**Exercise goal:**
Every line of the listing below from the one with "Gratis Bantal Kasur" up to and including the one with "Advertisement card from" should be retyped exactly, and nothing else; pictures are not part of the copy.

··· Data to process ···

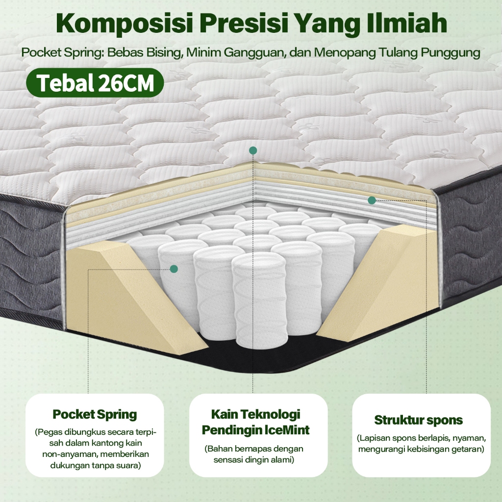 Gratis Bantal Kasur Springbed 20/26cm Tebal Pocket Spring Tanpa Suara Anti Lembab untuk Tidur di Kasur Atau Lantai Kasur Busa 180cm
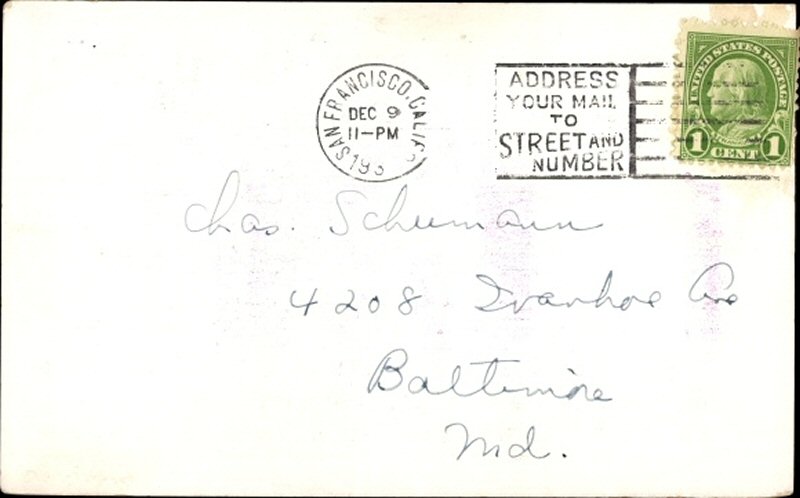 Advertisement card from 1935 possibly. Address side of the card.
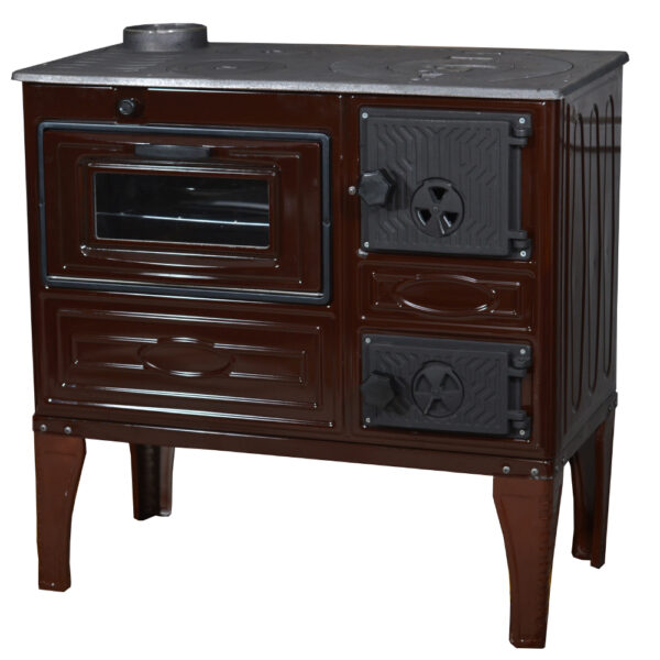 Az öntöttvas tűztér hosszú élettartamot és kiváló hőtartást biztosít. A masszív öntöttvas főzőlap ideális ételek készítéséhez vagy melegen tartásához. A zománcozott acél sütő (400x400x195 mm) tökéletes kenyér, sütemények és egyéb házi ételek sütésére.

···
··· Data to process ···

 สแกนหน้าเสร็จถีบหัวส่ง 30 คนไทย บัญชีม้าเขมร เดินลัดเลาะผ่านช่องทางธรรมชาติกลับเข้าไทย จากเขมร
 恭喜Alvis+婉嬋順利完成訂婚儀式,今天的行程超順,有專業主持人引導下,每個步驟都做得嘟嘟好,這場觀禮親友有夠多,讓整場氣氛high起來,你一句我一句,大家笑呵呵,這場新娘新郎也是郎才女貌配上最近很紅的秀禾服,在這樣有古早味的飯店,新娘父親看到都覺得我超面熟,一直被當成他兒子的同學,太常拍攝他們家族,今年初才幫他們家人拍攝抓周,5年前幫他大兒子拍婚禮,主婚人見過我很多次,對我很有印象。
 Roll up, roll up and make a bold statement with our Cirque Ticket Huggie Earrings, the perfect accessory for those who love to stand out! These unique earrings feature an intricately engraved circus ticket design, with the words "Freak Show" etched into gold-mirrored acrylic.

···
··· Data to process ···

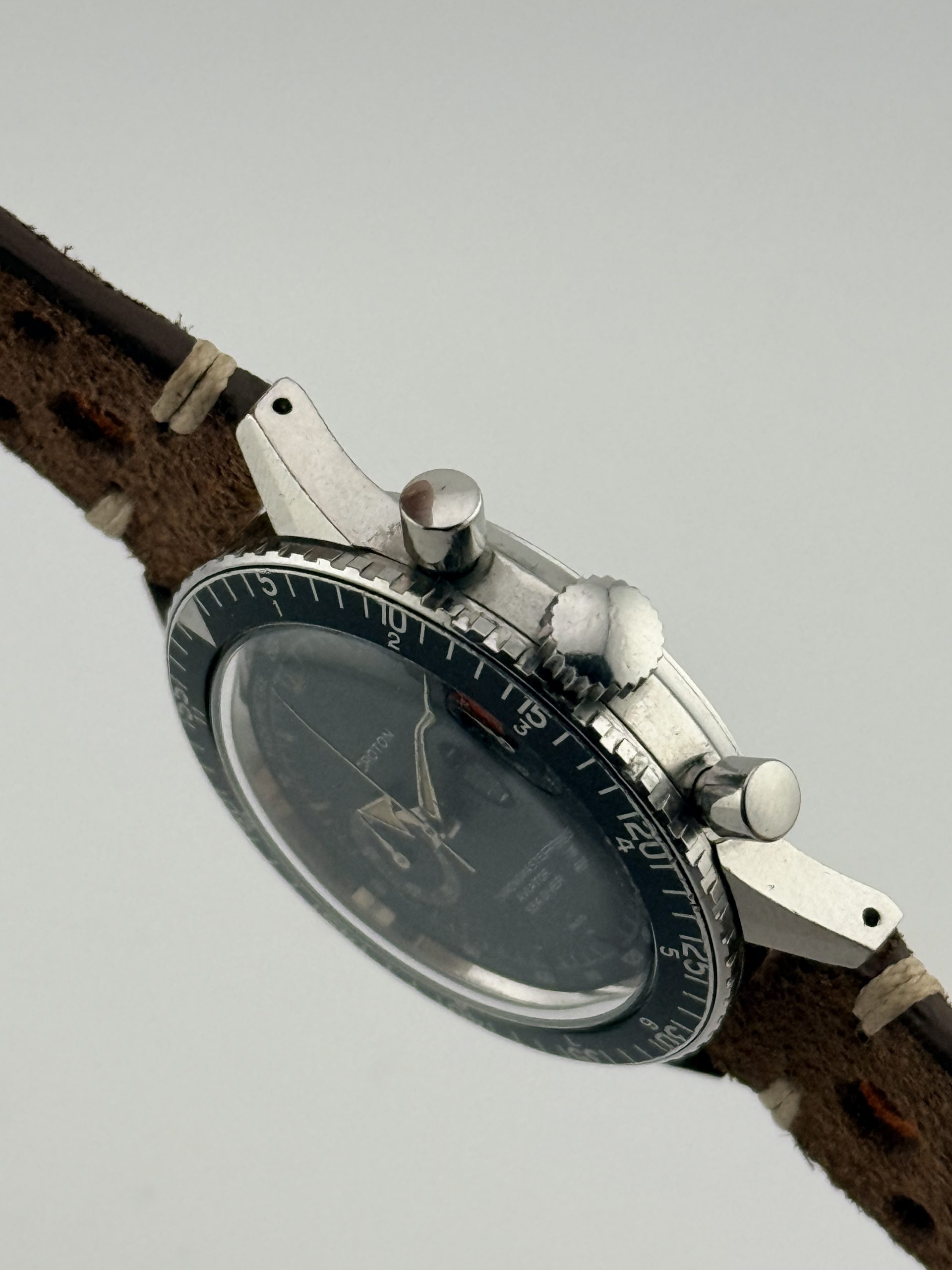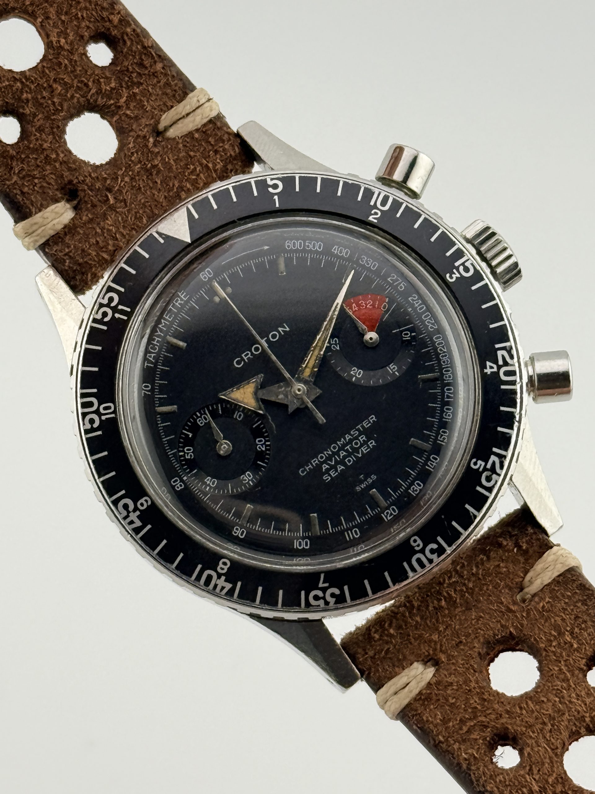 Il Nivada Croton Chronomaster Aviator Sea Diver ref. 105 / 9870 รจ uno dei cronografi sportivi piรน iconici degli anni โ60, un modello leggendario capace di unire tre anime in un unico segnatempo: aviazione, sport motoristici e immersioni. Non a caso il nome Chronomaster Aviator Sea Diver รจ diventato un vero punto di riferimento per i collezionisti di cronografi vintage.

···

**Reply to the exercise:**
 Gratis Bantal Kasur Springbed 20/26cm Tebal Pocket Spring Tanpa Suara Anti Lembab untuk Tidur di Kasur Atau Lantai Kasur Busa 180cm
 Advertisement card from 1935 possibly. Address side of the card.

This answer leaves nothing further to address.